Collection entries

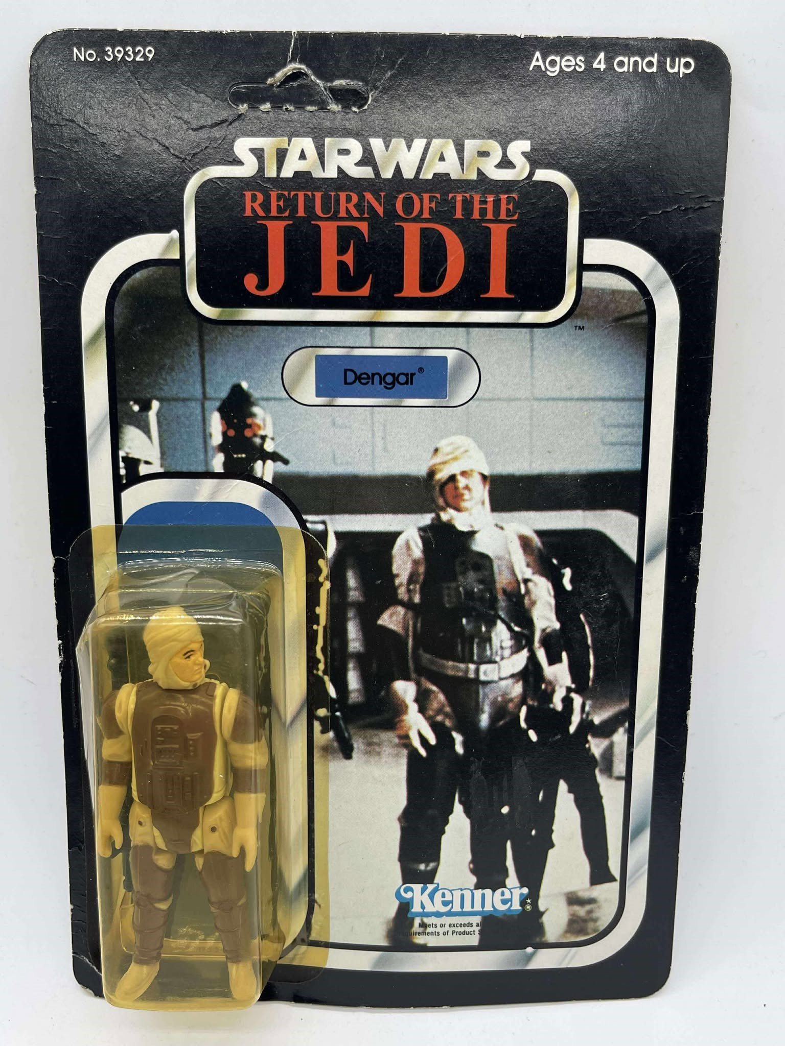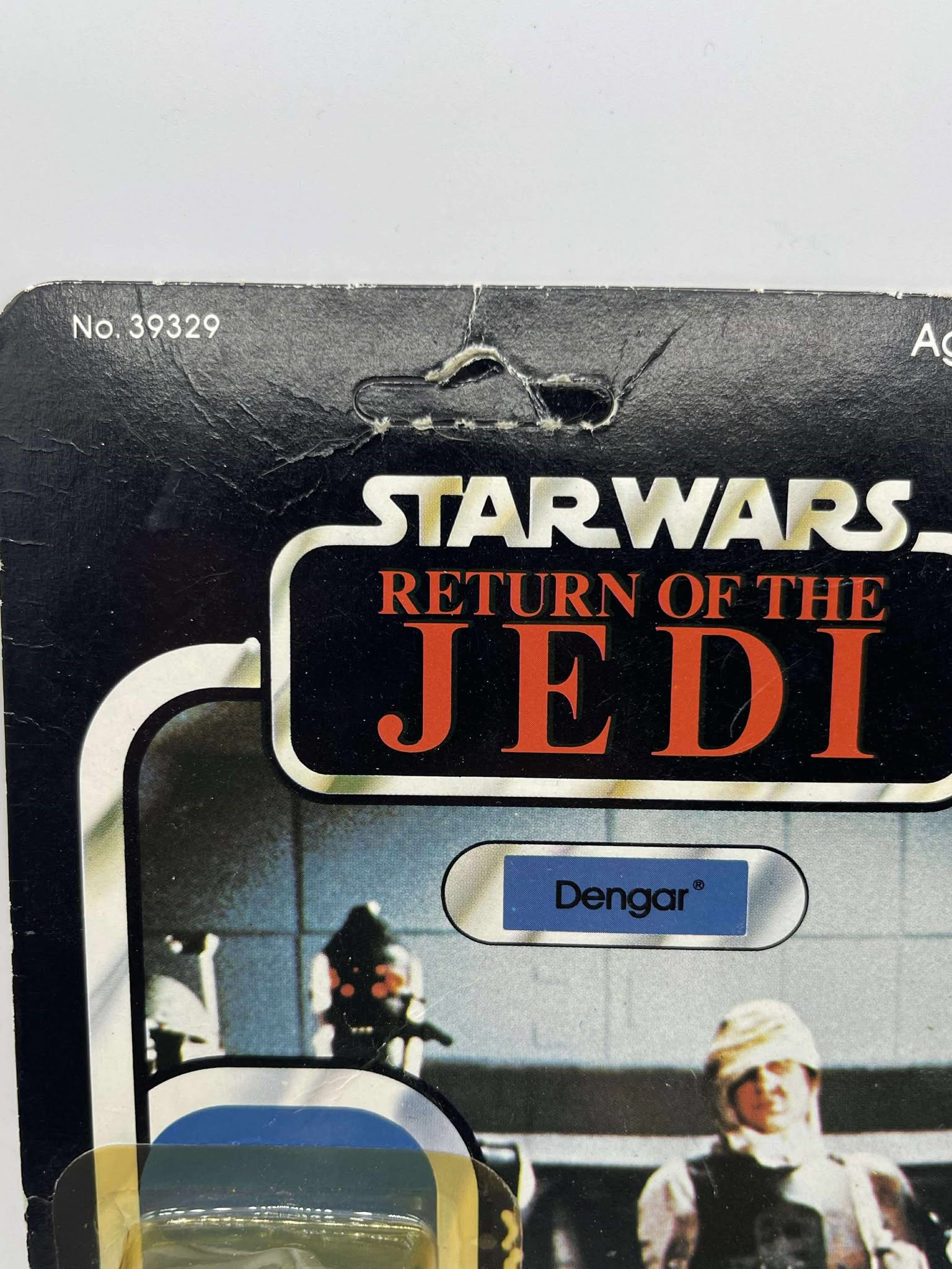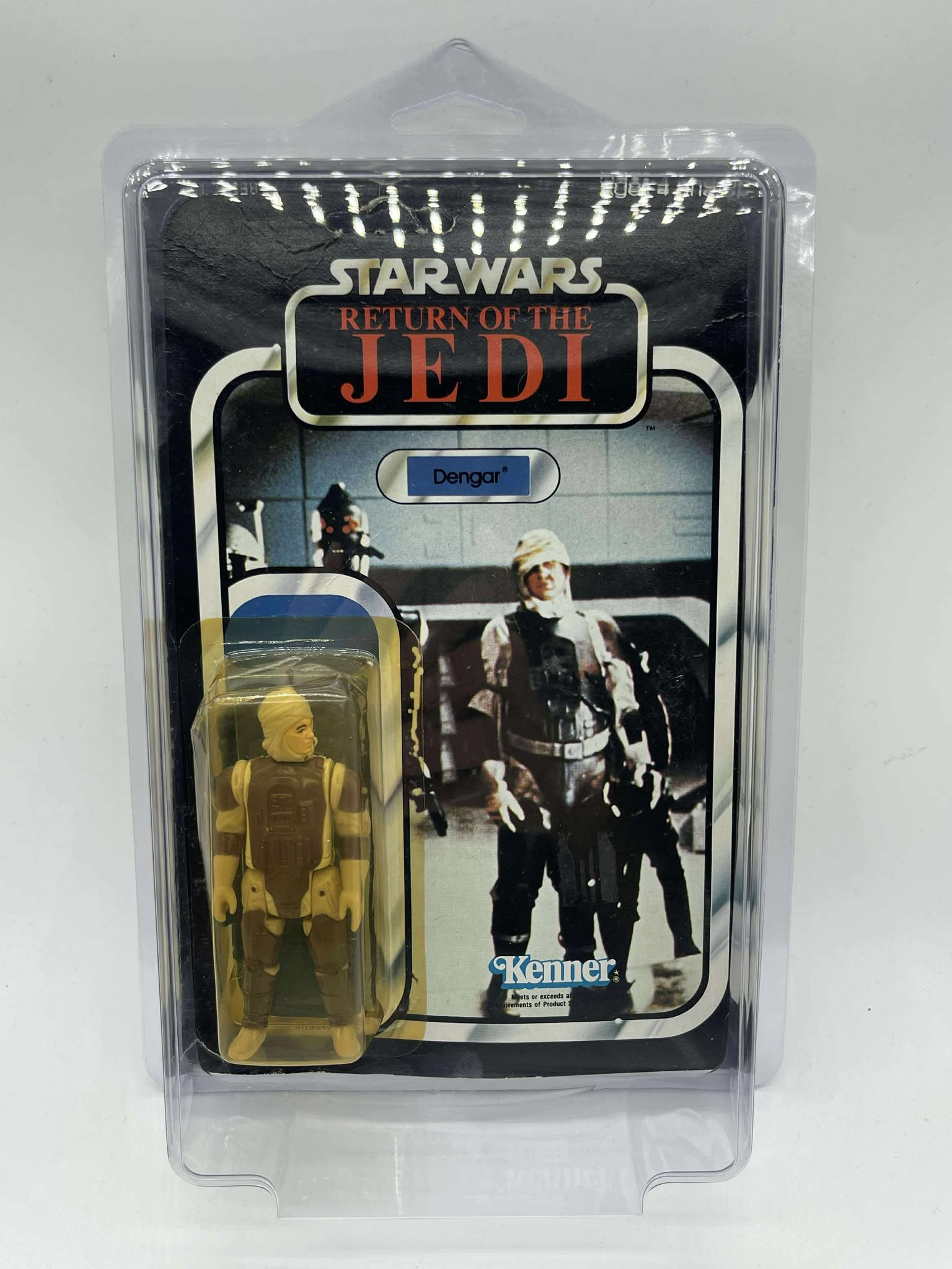 1983 - Kenner - ROTJ Dengar Mint On Card - 77 Back Action Figure w/ Star Case. The bubble has a dent on top and side. Condition: Fine Value Code: C8 ($25-$100)
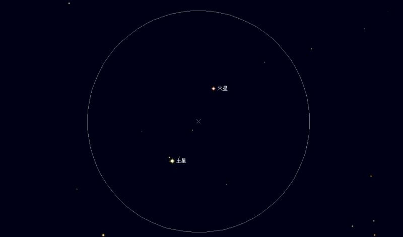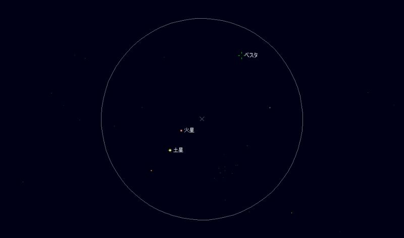 ![]() 2006年6月18日夜20時30分ごろの西の空。 ご覧のように、 土星と火星が、手を繋いでいるくらい近づいています。 ![]() 土星と火星は約34秒角まで接近しています。 (視野円は1.5度に設定。) ![]() 双眼鏡や望遠鏡を使わないと分かりませんけど、 近くには、小惑星ベスタも見ることが出来ます(緑の十字)。 (視野円は5度です。) |
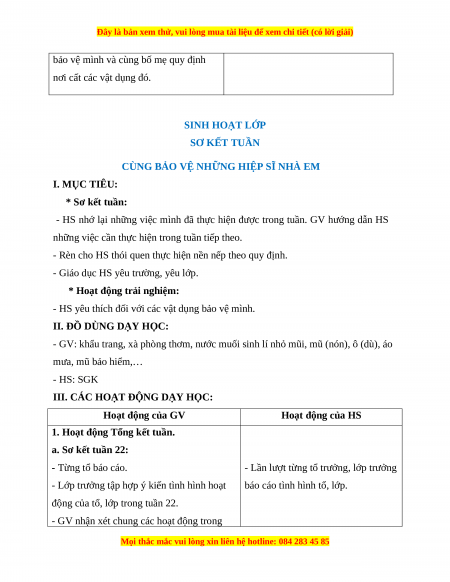 CÙNG BẢO VỆ NHỮNG HIỆP SĨ NHÀ EM I. MỤC TIÊU: * Sơ kết tuần:
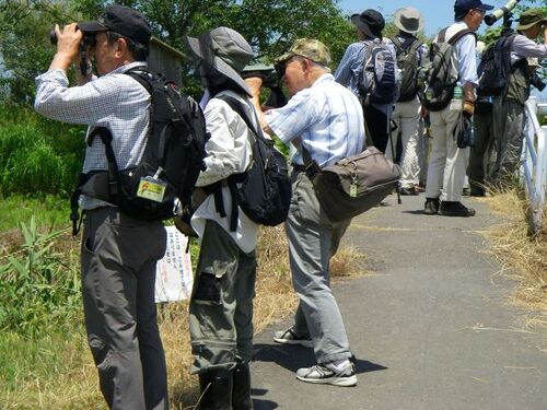 気温30度を超す中、19名の参加者をお迎えしての探鳥会でした。前浜へ向かう途中、 セッカの声を聞きながら中洲でカニ類をチェックします。 今後の探鳥会の予定はこちら
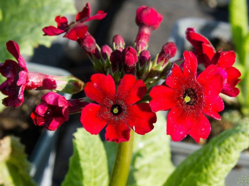 Primula japonica 'Miller's Crimson' - eine horstbildende Staude aus feuchteren Bergwäldern und Bachufern Ostasiens, in der Kultur bekannt als „Japanische Primel“ und gehört zu den stockwerkartigen, sogenannten Candelabra-Primeln. Die Sorte 'Miller's Crimson' zeichnet sich durch ihre tief karminrote Färbung und die typische Anordnung der Blüten in Quirlen aus, oft in 4–6 Stockwerken übereinander. Zur Blütezeit erreicht sie normalerweise eine Höhe von 40–60 cm, die Blattrosette ist etwa 15–20 cm groß und der Horst verbreitert sich allmählich auf 30–45 cm. Die Blätter sind grün, runzlig und weich ledrig, ziehen nach der Saison meist ein und treiben im Frühjahr zuverlässig neu aus. Die Blüten öffnen sich allmählich je nach Temperatur von Mai bis Juni, manchmal bis Juli. Sie sind trichterförmig mit einem helleren Auge und werden an feuchten Standorten von frühen Bestäubern besucht. Die Pflanze eignet sich für Gruppen am Teich, in halbschattigen Gartenbereichen, im Regenbeet und auch in größeren Schalen, wo der etagenförmige Blütenstand über den Rand hinausragt. In der Komposition bewährt sich die Nachbarschaft von Farnen, Funkien, Vergissmeinnicht, Purpurglöckchen, anderen Primeln in feineren Tönen und Frühlingszwiebelblumen.
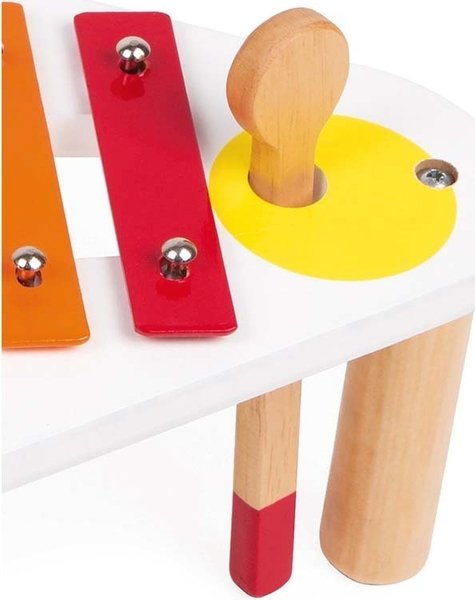 Ребенку для развития в музыкальном плане купили такой стол с ксилофоном, и теперь от него не отходит. С большим удовольствием играет, а я же рада, что качество у стола отличное! Он звучит отлично, чисто, приятно, но при этом не сильно громко, мешать взрослым точно не будет. Палочки качественные, как и сам ксилофон, очень высокий уровень прочности. Выглядит весьма ярка, в самый раз для ребенка. Рекомендую!

- Work to complete:
Drop the pictures and reproduce the rest of the entries above exactly.

- Task response:
 1983 - Kenner - ROTJ Dengar Mint On Card - 77 Back Action Figure w/ Star Case. The bubble has a dent on top and side. Condition: Fine Value Code: C8 ($25-$100)
 ![]() 2006年6月18日夜20時30分ごろの西の空。 ご覧のように、 土星と火星が、手を繋いでいるくらい近づいています。 ![]() 土星と火星は約34秒角まで接近しています。 (視野円は1.5度に設定。) ![]() 双眼鏡や望遠鏡を使わないと分かりませんけど、 近くには、小惑星ベスタも見ることが出来ます(緑の十字)。 (視野円は5度です。) |
 CÙNG BẢO VỆ NHỮNG HIỆP SĨ NHÀ EM I. MỤC TIÊU: * Sơ kết tuần:
 気温30度を超す中、19名の参加者をお迎えしての探鳥会でした。前浜へ向かう途中、 セッカの声を聞きながら中洲でカニ類をチェックします。 今後の探鳥会の予定はこちら
 Primula japonica 'Miller's Crimson' - eine horstbildende Staude aus feuchteren Bergwäldern und Bachufern Ostasiens, in der Kultur bekannt als „Japanische Primel“ und gehört zu den stockwerkartigen, sogenannten Candelabra-Primeln. Die Sorte 'Miller's Crimson' zeichnet sich durch ihre tief karminrote Färbung und die typische Anordnung der Blüten in Quirlen aus, oft in 4–6 Stockwerken übereinander. Zur Blütezeit erreicht sie normalerweise eine Höhe von 40–60 cm, die Blattrosette ist etwa 15–20 cm groß und der Horst verbreitert sich allmählich auf 30–45 cm. Die Blätter sind grün, runzlig und weich ledrig, ziehen nach der Saison meist ein und treiben im Frühjahr zuverlässig neu aus. Die Blüten öffnen sich allmählich je nach Temperatur von Mai bis Juni, manchmal bis Juli. Sie sind trichterförmig mit einem helleren Auge und werden an feuchten Standorten von frühen Bestäubern besucht. Die Pflanze eignet sich für Gruppen am Teich, in halbschattigen Gartenbereichen, im Regenbeet und auch in größeren Schalen, wo der etagenförmige Blütenstand über den Rand hinausragt. In der Komposition bewährt sich die Nachbarschaft von Farnen, Funkien, Vergissmeinnicht, Purpurglöckchen, anderen Primeln in feineren Tönen und Frühlingszwiebelblumen.
 Ребенку для развития в музыкальном плане купили такой стол с ксилофоном, и теперь от него не отходит. С большим удовольствием играет, а я же рада, что качество у стола отличное! Он звучит отлично, чисто, приятно, но при этом не сильно громко, мешать взрослым точно не будет. Палочки качественные, как и сам ксилофон, очень высокий уровень прочности. Выглядит весьма ярка, в самый раз для ребенка. Рекомендую!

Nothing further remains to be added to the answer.